Inma Chacón inició su carrera literaria hace veinte años, tras la muerte de su hermana gemela, Dulce, quien le encargó que escribiese la novela que tenía en mente y ella ya no podría escribir. Desde entonces no ha parado y ahora acaba de publicar “El cuarto de la plancha” (Contraluz), una conversación entre sus memorias y las de su madre, una historia familiar íntima, la de una mujer viuda que saca adelante a sus nueve hijos, que se ha convertido también en novela generacional en homenaje a las mujeres que fueron niñas en la guerra, supervivientes fortalecidas que dedicaron su vida a cuidar a los demás. La autora estará mañana, lunes 29, en el Club FARO, en un acto que se celebra en el Museo MARCO a partir de las 20 horas.
– En “El cuarto de la plancha” hace un viaje por su vida y la de su familia desde las anécdotas que le contó tu madre, ¿por qué y cómo surgió esta novela?
– Mi madre ya era muy mayor, yo sabía que le quedaba muy poco tiempo y quise rescatar las anécdotas que me contaba de su familia (sus abuelos se fueron a vivir a mediados del siglo XIX a Filipinas, donde nació su madre) me había contado muchas cosas y no quería que se me olvidaran. Empecé a escribir para recordar su voz, para que no se me olvidara nunca. Luego surgieron mis propias anécdotas y decidí que la novela iba a ser una especie de conversación entre las suyas y las mías. Y curiosamente al final se ha convertido en una conversación con el lector, al que le evocan sus memorias, las de su infancia y adolescencia.

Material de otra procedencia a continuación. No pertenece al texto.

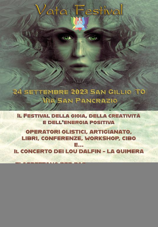 Il 24 settembre a San Gillio (TO) con il patrocino del Comune di San Gillio e in collaborazione con la Pro Loco Sangilliese si terrà il Vata Festival, una giornata dedicata all’Energia Positiva in tutte le sue sfaccettature. In armonia con la filosofia Olistica, secondo la quale è fondamentale nutrire Corpo, Mente e Spirito, sono previsti numerosi stand olistici in cui si possono provare e scoprire diverse discipline, stand di artigiani, spazi per il cibo ed editori. È previsto un nutrito calendario che comprende incontri, conferenze, laboratori di gruppo, presentazioni di libri e il concerto del gruppo Lou Dalfin – La Quimera.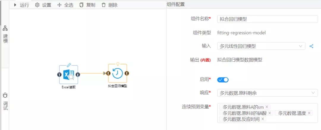 首先,利用數(shù)據(jù)大腦中的多元線性回歸組件,就可得到回歸系數(shù):a1,a2,a3,a4的值。即把多元線性回歸組件拖到到工作面板,配置數(shù)據(jù)及組件參數(shù):將因變量和4個自變量分別拖到對應(yīng)的區(qū)域。過程如圖1: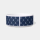 Pamper your seafaring pooch with our personalized dog bowl, featuring a pattern of tiny white nautical anchors on classic navy blue, with your pet's name on the front.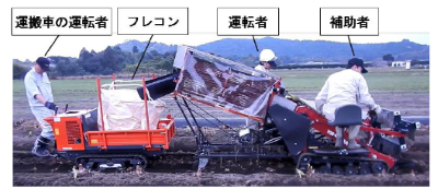 (2021年発表) 回転搬送機構により土塊除去するサトイモ拾上機と運搬車によるサトイモ拾上・収容体系 |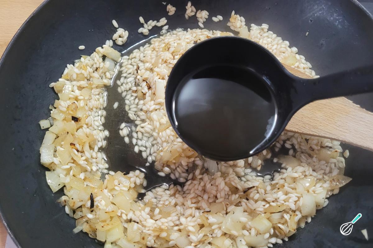 Quando quase todo o vinho tiver secado, comece a adicionar o caldo de legumes já quente concha a concha.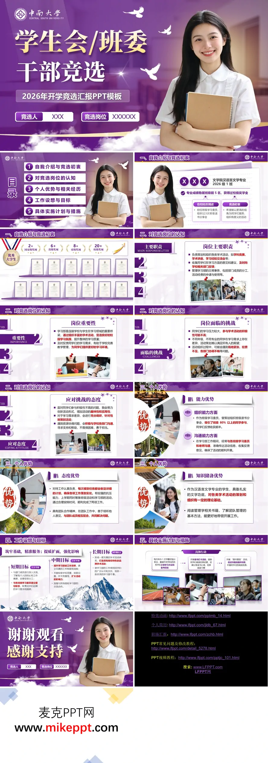 这是一份专为中南大学2026年秋季学期开学季量身定制的竞选汇报PPT模板,采用典雅的紫罗兰色作为视觉基调,整体设计兼具青春朝气与专业质感,高度契合学生会及班委干部竞选场合的庄重与活力并存的特殊氛围。该模板在内容架构上呈现出严谨的系统性,以五大核心模块构建完整叙事链条:开篇以精炼目录统领全局,依次铺陈"自我认知与竞选初心""岗位职责深度解读""核心竞争力与履历印证""战略性工作规划"以及"可操作性落地方案"等关键章节。 在人物画像塑造环节,模板通过学业背景、专业积淀、历年绩点与任职轨迹的多维呈现,配合荣誉奖章可视化矩阵,立体化展竞选者的成长轨迹;岗位认知板块则从职能边界、价值意义、潜在挑战及应对哲学四个层面进行深度剖-析,彰显其前瞻性思维;个人优势提炼聚焦于能力图谱、态度范式与知识储备三大维度,并嵌入具体实践案例作为有力佐证;目标设定层面创造性地构建起"短期破局—中期深耕—长远布局"的三级递进体系,每项规划均配套量化指标与时间节点;尾页以"感谢聆听,期待同行"的恳切表述收束全篇,余韵悠长。整套方案既是个体价值的充分展示,更是责任承诺的庄严宣告,堪称同类场景下的标杆性展示工具。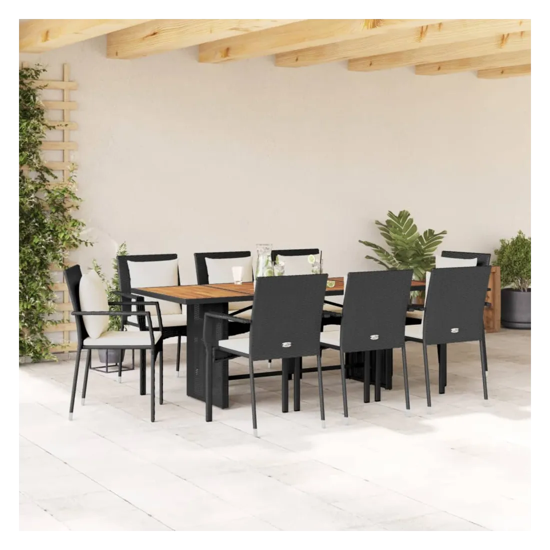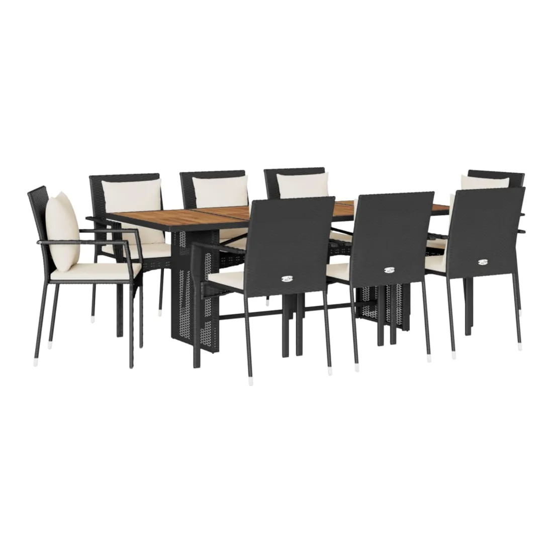 Cet ensemble de salle à manger de jardin est un excellent choix pour les repas en plein air ou pour vous détendre dans le jardin, l'arrière-cour ou le patio. Matériau durable : la résine tressée, également connue sous le nom de poly rotin, est un matériau synthétique solide et nécessitant peu d'entretien qui ressemble au rotin naturel. Il est léger, facile à nettoyer et couramment utilisé pour les meubles d'extérieur en raison de sa durabilité et de ses propriétés de résistance aux intempéries. Dessus stable et facile à nettoyer : cette table de jardin a un dessus en bois d'acacia robuste, durable et facile à nettoyer avec un chiffon humide. Expérience d'assise confortable : ce mobilier d'extérieur, doté de coussins épais, offre une expérience d'assise confortable. Cadre robuste et stable : le cadre en acier enduit de poudre assure la solidité et la stabilité du meuble de jardin pour une utilisation quotidienne à l'extérieur. Bon à savoir :Pour que vos meubles d'extérieur restent beaux, nous vous recommandons de les protéger avec une housse imperméable.

– Ella se quedó viuda con 41 años y nueve hijos entre 14 y 5 años, ¿por qué decidió irse a Madrid en lugar de quedarse en Zafra?

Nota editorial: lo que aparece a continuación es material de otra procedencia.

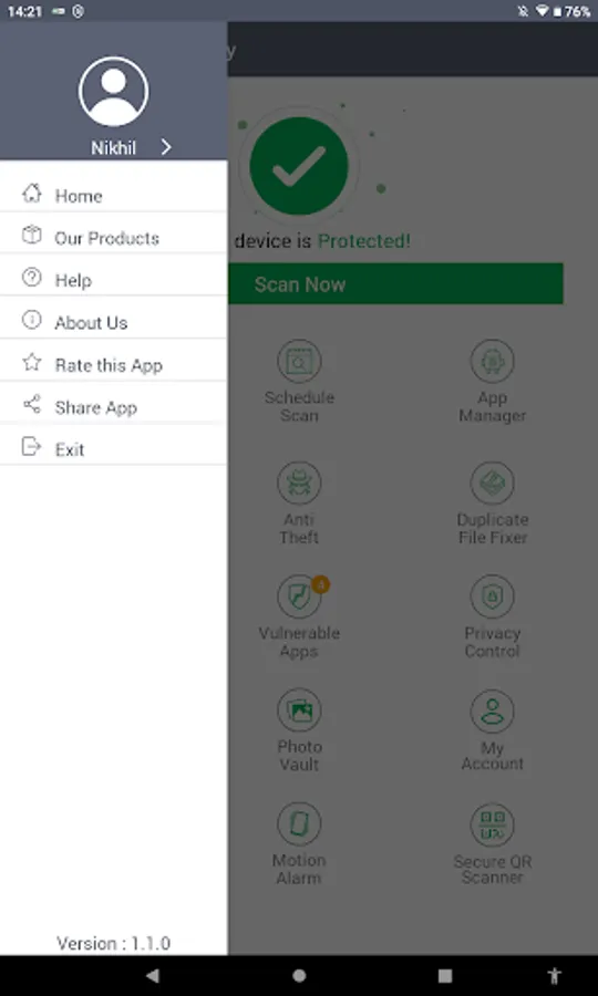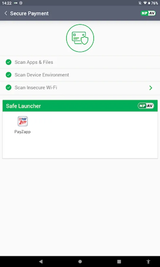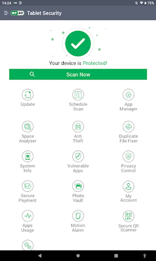 Mobile devices such as mobile phones, tablets, laptops, etc are convenient as well as vulnerable to attacks by many malicious agents through networks or any other medium. If users do not aware of these files or attacks, they can either lose privacy, data, or money. "Npav Tablet Security app" provides features to reduce the risk of it or to protect users from these malicious agents. It will provide protection from various viruses, malware, and spyware that can threaten your privacy and cause Ineffable damage.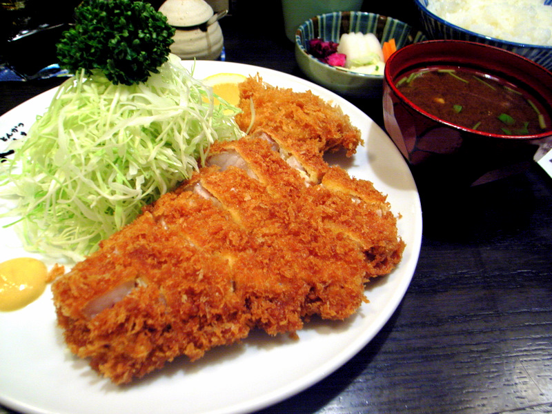 恐らく6食くらいで売り切れてしまう、特上ロース。ロースながら脂をほぼ落としてあるのに、非常に柔らかく、一方豚らしい筋繊維の程よい弾力がある。岩塩で食べると、上質な豚の甘みがひろがるし、酸味が効いた甘みのあるソースはスリたてのゴマの香ばしさとあいまって、これまた食欲をそそる、カツのコーティング材になる。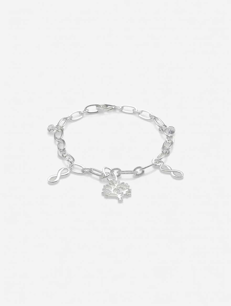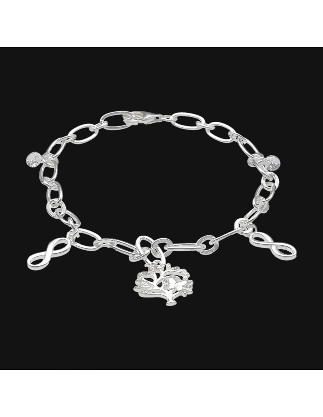 Pulsera en plata 925 eslabones grande con árbol de la vida central y dos infinitos

– Porque pensó que en Zafra no podría darnos estudios, en aquella época, era 1965, no había universidad en Extremadura y aunque la hubiera habido, nos tendría que haber mandado a Cáceres o a Badajoz y éramos nueve hermanos en edades muy cercanas, con lo cual tendríamos que ir a la universidad casi al mismo tiempo. Decidió irse a Madrid porque allí sí había universidad, encontró un trabajo y se echó la manta a la cabeza.
– ¿Cómo era ella?
– Era muy positiva, siempre veía el lado bueno de las cosas aunque no obviaba el malo, que sabía que existía. Cuando había que remediar algo, le ponía remedio pero no se lamentaba: solucionaba y seguía para adelante. Era un mujer muy asertiva y también muy tímida; mi padre era muy conocido en Zafra – era el alcalde-, muy extrovertido y magnético, cuando él se murió nadie confiaba en que ella pudiese salir a delante, pero ello sacó las fuerzas y el carácter que tenía.

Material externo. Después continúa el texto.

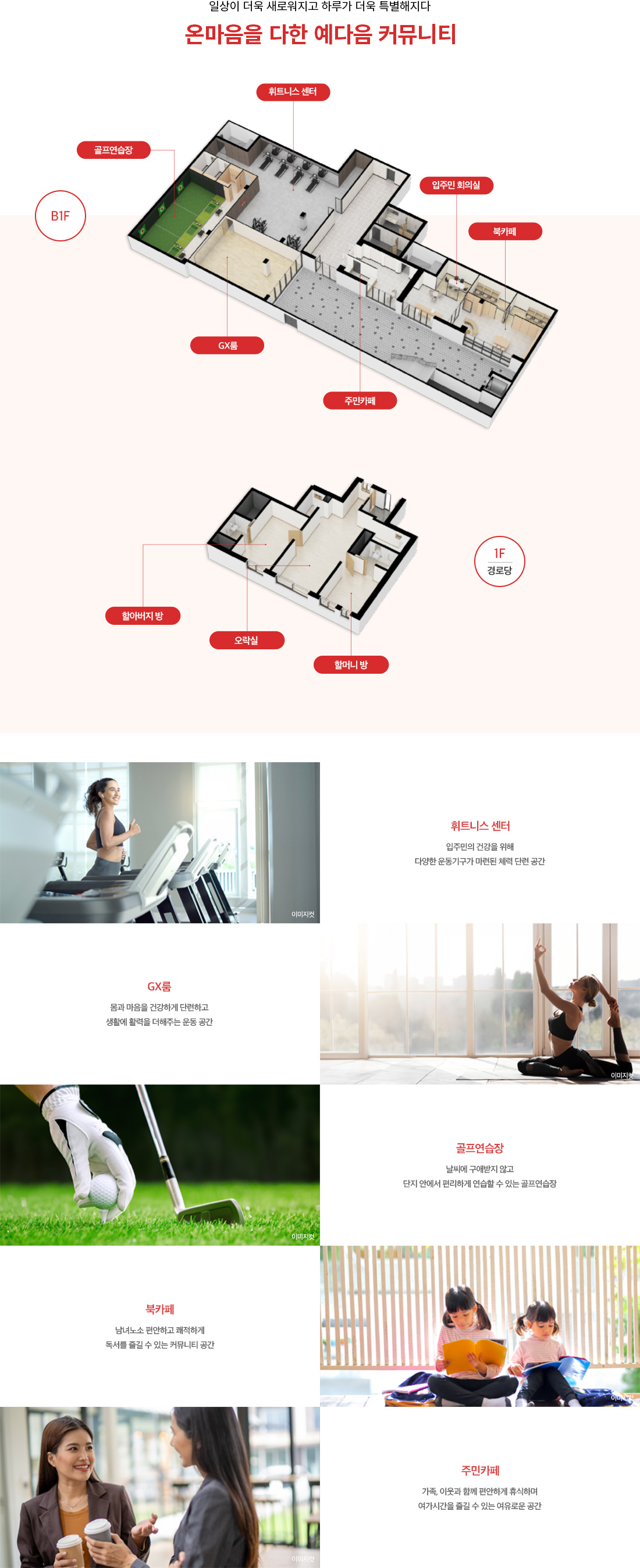 규모 대비 알찬 커뮤니티 구성이 돋보입니다. 피트니스와 GX룸, 실내 골프연습장, 입주민 카페, 회의실, 북카페, 독서실, 경로당까지 전 연령대를 아우릅니다. 비 오는 날에도 운동과 학습, 소통이 단지 안에서 해결되는 구조라 주말 체류 시간이 길어지는 것이 장점입니다. 이 실내 생활 네트워크는 안성 아양지구 영무예다음의 체감 프리미엄을 만드는 부분입니다.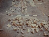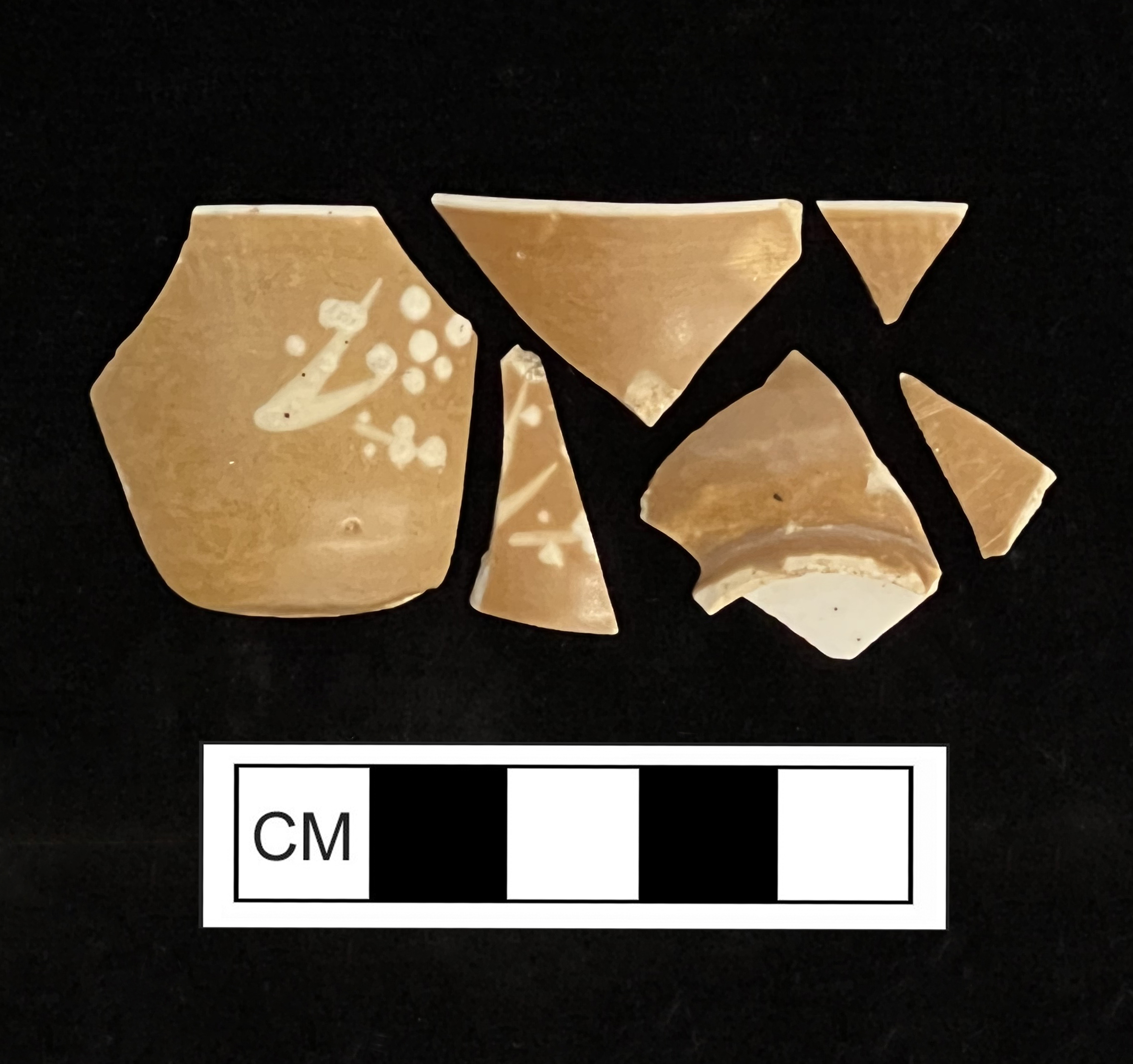 Chinese Porcelain wine cup fragments from PG65. The slipped decoration is a prunus branch, symbolizing the Daoist ideas of winter, longevity, beauty, and purity. The cup from was produced in Jingdezhen, a city in the Jiangzi province that is well-known for producing porcelain for export during the first decades of the 17th century.

"Mi madre nos enseñó que la vida empieza muchas veces, aunque ese comienzo nazca de una tragedia, y a ver la cara bonita de la vida"
– ¿Qué enseñanzas son las más importantes que le dejó?
– Nos enseñó que la vida empieza muchas veces, aunque ese comienzo nazca de una tragedia, y a ver la cara bonita de la vida. Mi casa en Zafra era feliz incluso estando mi padre enfermo y sabiendo que se iba a morir. Y en Madrid también consiguió que fuera una casa de niños alegres. Nos hacía disfrutar de cualquier cosa pequeña. En Zafra nos hacía helados de limón con la nieve, y en Madrid cuando nevaba no íbamos al colegio, le decía a la chica que nos cuidaba “llévalos al parque y que retocen por la nieve, cuando subáis les das a cada uno una aspirina y un vaso de leche caliente”.
– ¿Cómo recuerda la muerte de su padre – usted tenía once años– y el cambio que supuso mudarse a la capital?
– La muerte de mi padre fue el primer encuentro con lo irremediable, muy traumática. Lo teníamos idealizado y cuando faltó, aún más. Venir a Madrid fue un cambio tremendo, de una casa muy grande a un piso, de una ciudad conocida y pequeña, donde siempre íbamos andando a todas partes y podíamos salir solos a jugar con los amigos, a una ciudad donde siempre tenías que salir acompañado de un mayor y a cualquier sitio al que íbamos, había que coger metro y autobús. Era una vida completamente distinta, los niños del edificio donde vivíamos no nos entendían cuando jugábamos en el parque, teníamos mucho acento extremeño, y decían que éramos japoneses.
– ¿Considera que estamos en deuda con esa generación de mujeres fuertes que vivieron para cuidar?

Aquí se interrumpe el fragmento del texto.